As much of Texas went dark and thirsty in a major winter storm last month, we lost electricity for two days at my home outside Austin.
We’re still without running water. That part will take weeks to fix, too, since plumbers are suddenly in high demand. Our appointment is March 3.
We ae grateful that the disruption, for us, was manageable. Our lives weren’t threatened. We had a fireplace, firewood, drinking water and food.
This experience was nonetheless maddening because it was at least partially manmade. Mother Nature sent the ice storm (though climate change may have contributed), but that’s not so unusual. Places with much colder climates manage to deliver reliable electricity. Texas could have, too. Natural gas pipelines and wind turbines can be winterized. Ours weren’t.
In other words, this was less a technology failure than a public policy failure, one I hope will be corrected now. We’ll see.
People lived without electricity and indoor plumbing until the last century or two. They still do in some places.
It’s no coincidence economic growth accelerated after we acquired those technologies. They are connected, and the connection may tell us something about the future.
When our well equipment broke last week, my wife and I (mostly her, I must confess) developed a system. We gathered snow in every container we could, brought it inside to melt, and then used it for washing and toilet-flushing. We did it again when the temperature rose and water started flowing off the roof.
Now all those containers are in our garage. We haul the water inside as needed. This laborious but temporary solution was once normal. It’s one reason human civilization formed near rivers: less time and effort toting water.
I can confirm that’s still true today. We’re spending two to three hours a day just moving, heating or otherwise manipulating water. If we were carrying it from the nearest natural source, as they did centuries ago, that two to three hours could easily be eight to 10 hours.

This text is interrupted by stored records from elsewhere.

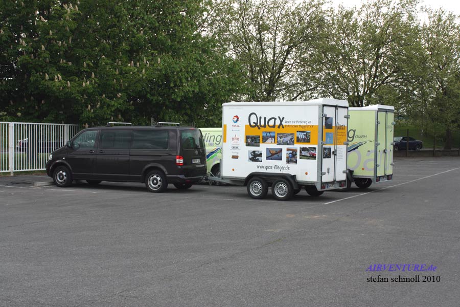 ... und steigt schon nach wenigen Minuten wieder in die Luft. In Dortmund sind die Bodentruppen der Quax-Flieger angekommen, um die Ersatzteilkisten zu entladen.
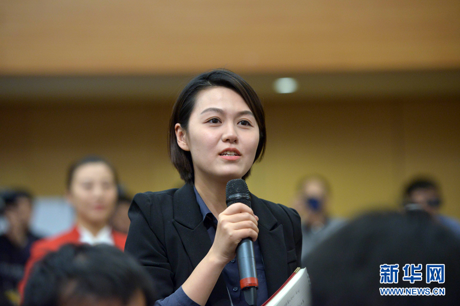 ??? 十二屆全國人大三次會議新聞中心于3月11日10時45分舉行記者會,邀請科技部部長萬鋼就科技改革與發展回答中外記者提問。圖為中央電視臺記者提問。新華網/中國政府網 郭小天 攝
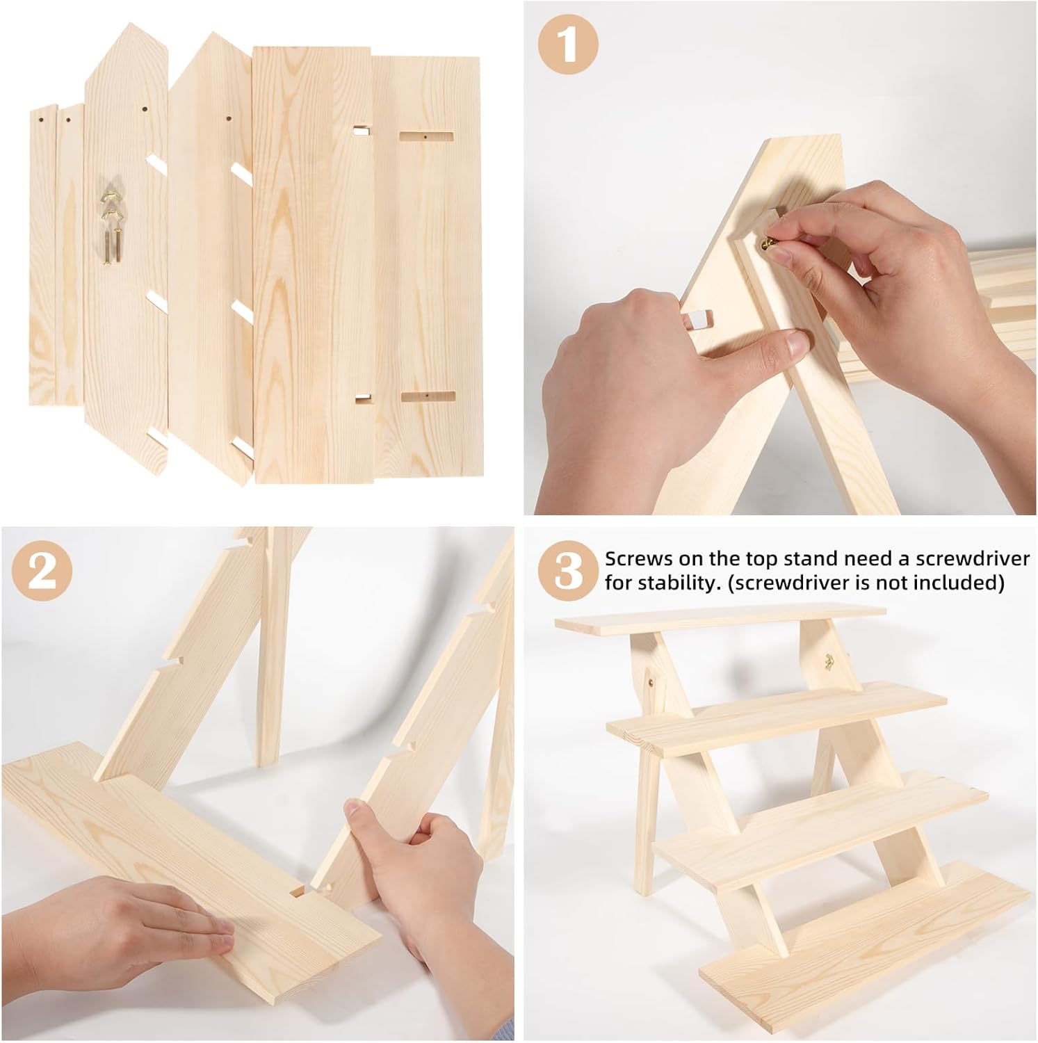 • Easy assembly & portability: Our tiered cupcake stand features a quick 1-minute setup—pre-drilled holes and included screws make assembly effortless (Screws on the top stand need a screwdriver for stability, screwdriver is not included) ). The foldable legs allow for easy transport to trade shows, outdoor events, or camping trips. Its compact, detachable design saves storage space when not in use
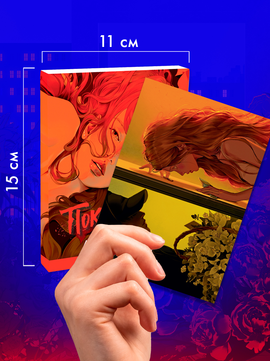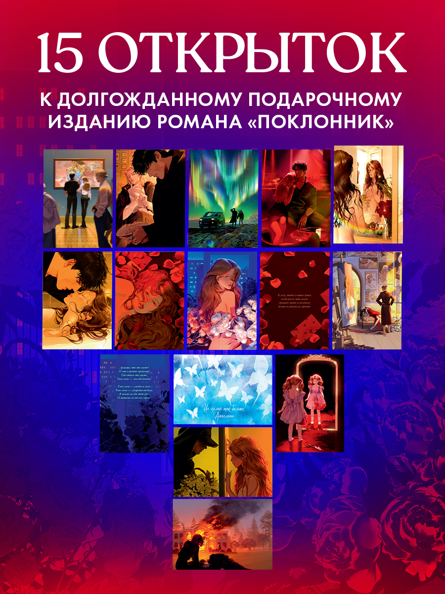 Набор из 15 открыток с артами Карины Яшагиной — идеальное дополнение к яркому романтическому триллеру Анны Джейн. На иллюстрациях, созданных несравненной Кариной Яшагиной специально к выходу подарочного издания, запечатлены самые сильные и волнующие сцены из романа.
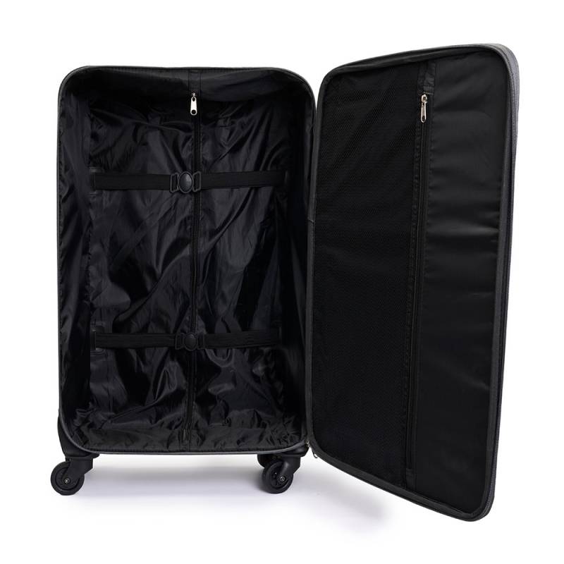 Elegante y funcional, cuenta con 4 ruedas giratorias que facilitan su transporte en cualquier dirección, brindando comodidad y movilidad. Su tirador metálico robusto asegura durabilidad y un manejo suave, ideal para viajeros frecuentes que buscan estilo y practicidad en cada viaje
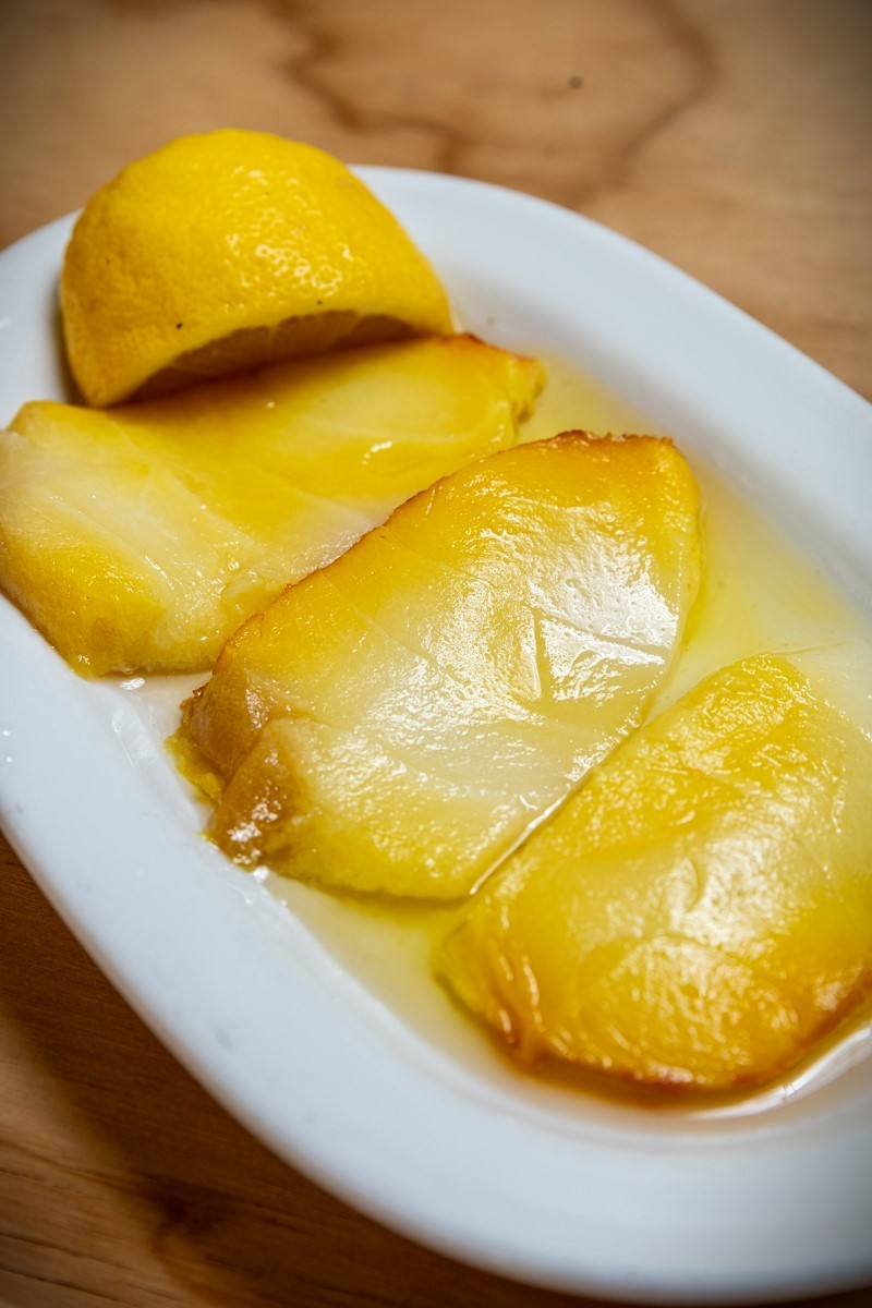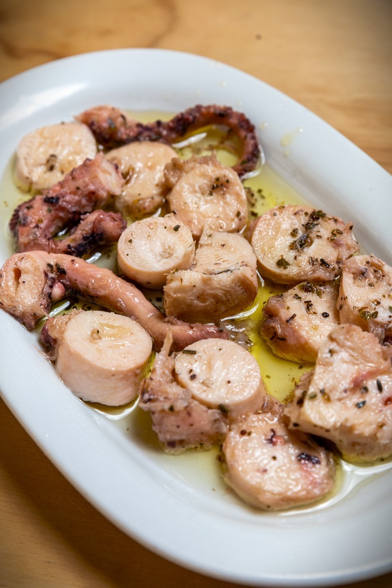 Naturally, products from Lesvos hold a prominent place on the menu. We suggest starting your meal with one of the most fundamental elements of the island’s culinary tradition: salt-cured fish, prepared in-house. Handmade and flavorful, they are the perfect entrée for a seafood-focused—or not only seafood—meal.

This work doesn’t create any new wealth. It simply sustains life and basic hygiene. That people used to spend so much time on it helps explain why economies grew so slowly, until recently.

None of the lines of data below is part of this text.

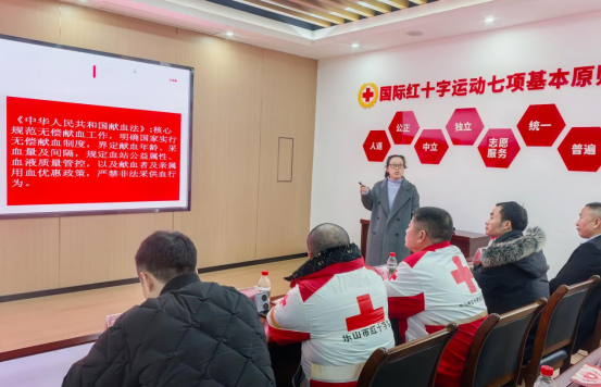 12月26日,乐山市红十字会第五期【博爱嘉州讲堂】开讲。本期主题是:生命接力,大爱传递——推动红十字“三献”事业更上新台阶。市红十字会党组成员、副会长张耀婷,党组成员、监事长李红英出席活动。市红十字会全体机关干部,各县(市、区)红十字会、市属各医疗机构红十字会相关负责同志,市中心血站相关负责同志,市红十字“三献”志愿服务队志愿者代表、市红十字各志愿服务队队长共40余人参加活动。
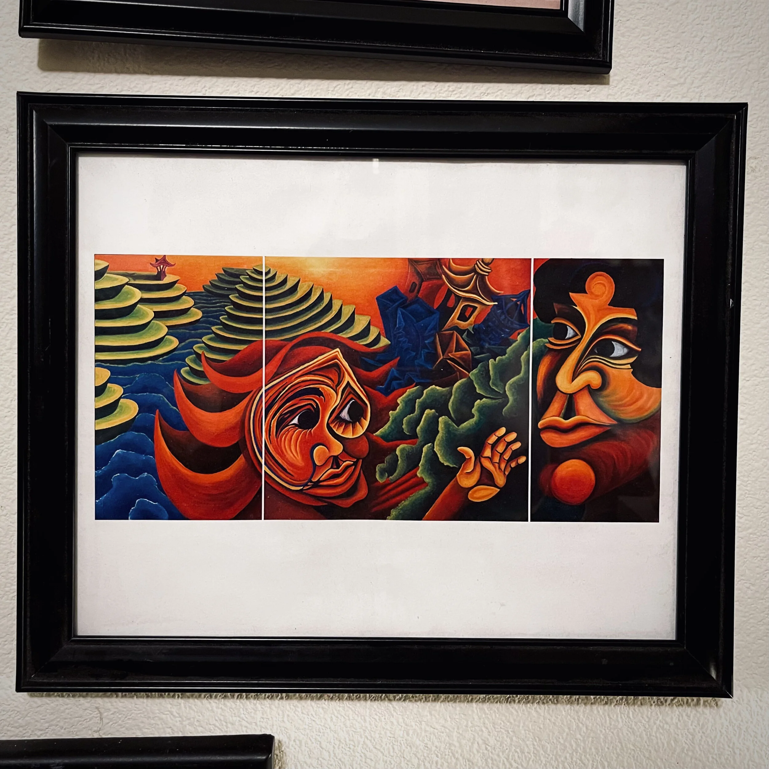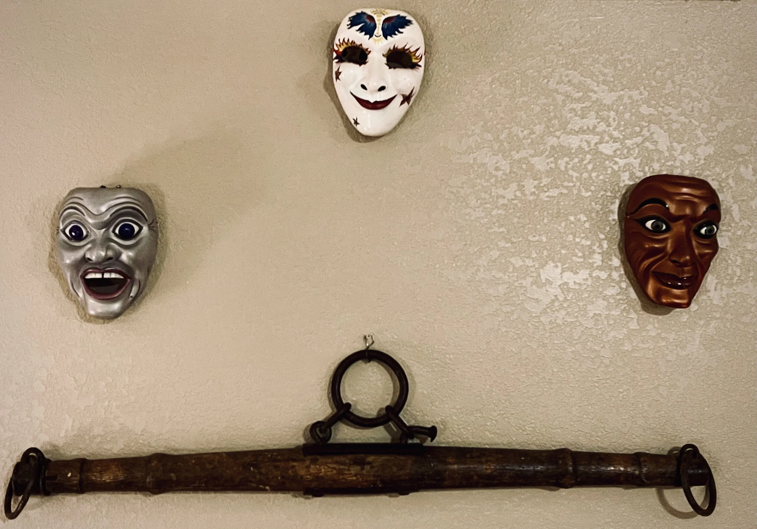 These masks have a whole story that I have told through a dance I choreographed. It is based on a woman's life and the gold represents the sun (young woman). The copper is the earth (mother). The silver is the moon (grandmother). The white is a guardian angel spirit that travels with the woman her whole life. They were all hand carved using only knives and chisels. And then painted. No sandpaper or power tools. The name of this type of mask carving is called Topeng.
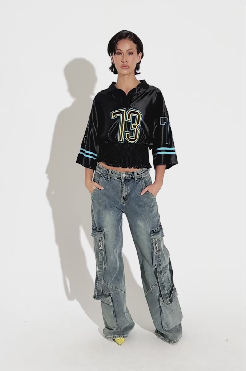 Don’t fumble your game day ‘fit! The AKIRA Label Championship Scrunch Jersey is crafted from a silky jersey fabrication and features a V-neckline and fold-over collar, short sleeves with varsity-inspired stripes and a screenprinted “73” graphic, a smocked, stretchy waist and ruffled hemline, and a dual-tone “73” graphic printed on the chest.
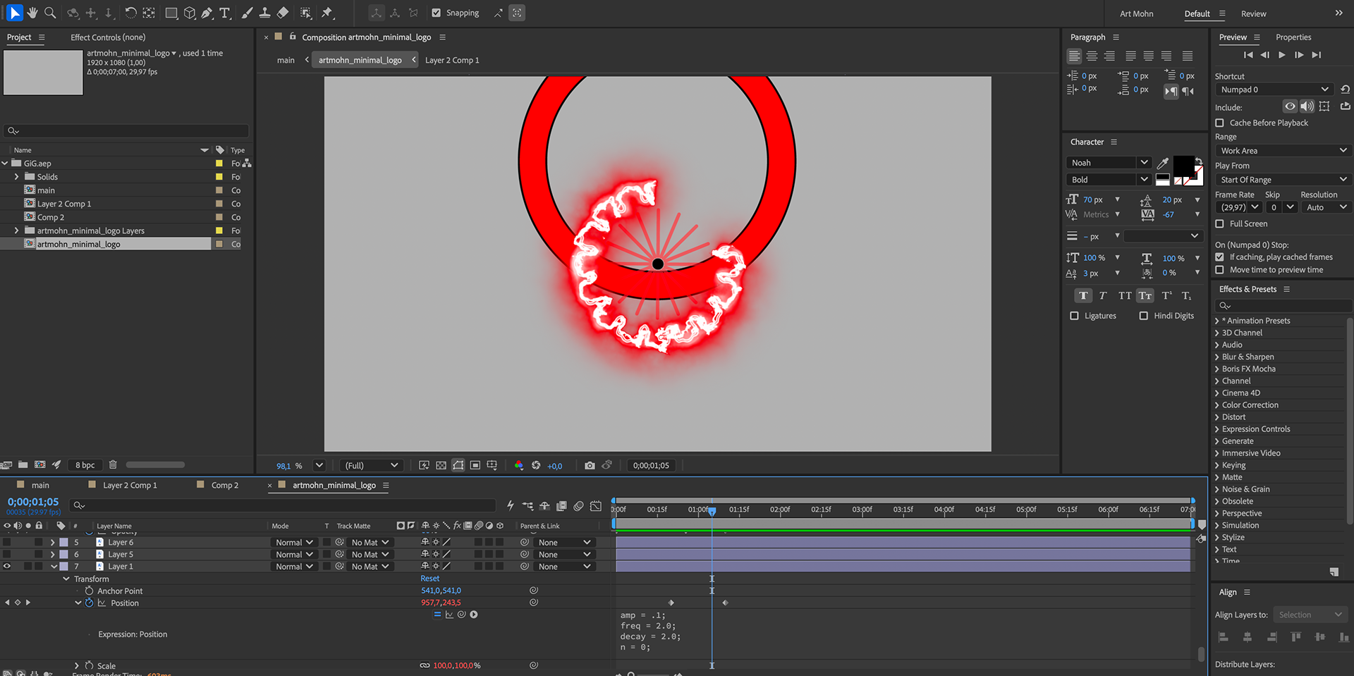 Motion process. The logo was brought to life in After Effects — each element animated with purpose and timing.

The occasional inventors and thinkers — Leonardo da Vinci, Benjamin Franklin, William Shakespeare — were “occasional” for good reason. Life was hard. Few people had the luxury of sitting down to write.
Our new water chores reminded me of a 2013 TED Talk by economist Robert J. Gordon. He talked about the various innovations that created modern life, and what it was like before them.
“Back before the turn of the century, women had another problem. All the water for cooking, cleaning and bathing had to be carried in buckets and pails in from the outside. It’s a historical fact that in 1885, the average North Carolina housewife walked 148 miles a year carrying 35 tons of water. But by 1929, cities around the country had put in underground water pipes. They had put in underground sewer pipes, and as a result, one of the great scourges of the late 19th century, waterborne diseases like cholera, began to disappear. And an amazing fact for techno-optimists is that in the first half of the 20th century, the rate of improvement of life expectancy was three times faster than it was in the second half of the 19th century.”
Gordon describes how the utility services we now take for granted propelled humanity a long way, very quickly. Redirecting all those water-carrying and wood-chopping hours added up.
That’s the good news. Gordon also argues the truly big inventions that made the most difference are now complete, and that’s why economic growth has been slowing for decades. He believes it will keep dropping back to the pre-industrial pace, which was about 0.2% annually.
He ends with a challenge.
“But I’m now going to give you an experiment … Option A is you get to keep everything invented up till 10 years ago. So you get Google, you get Amazon, you get Wikipedia, and you get running water and indoor toilets. Or you get everything invented to yesterday, including Facebook and your iPhone, but you have to go to the outhouse and carry in the water…
“The problem we face is that all these great inventions, we have to match them in the future, and my prediction that we’re not going to match them brings us down from the original two-percent growth down to 0.2, the fanciful curve that I drew you at the beginning.”
I hope Gordon is wrong. But these periodic disasters that strip away those 20th-century luxuries, even temporarily, suggest he may have a point.
Patrick Watson is the senior economic analyst at Mauldin Economics.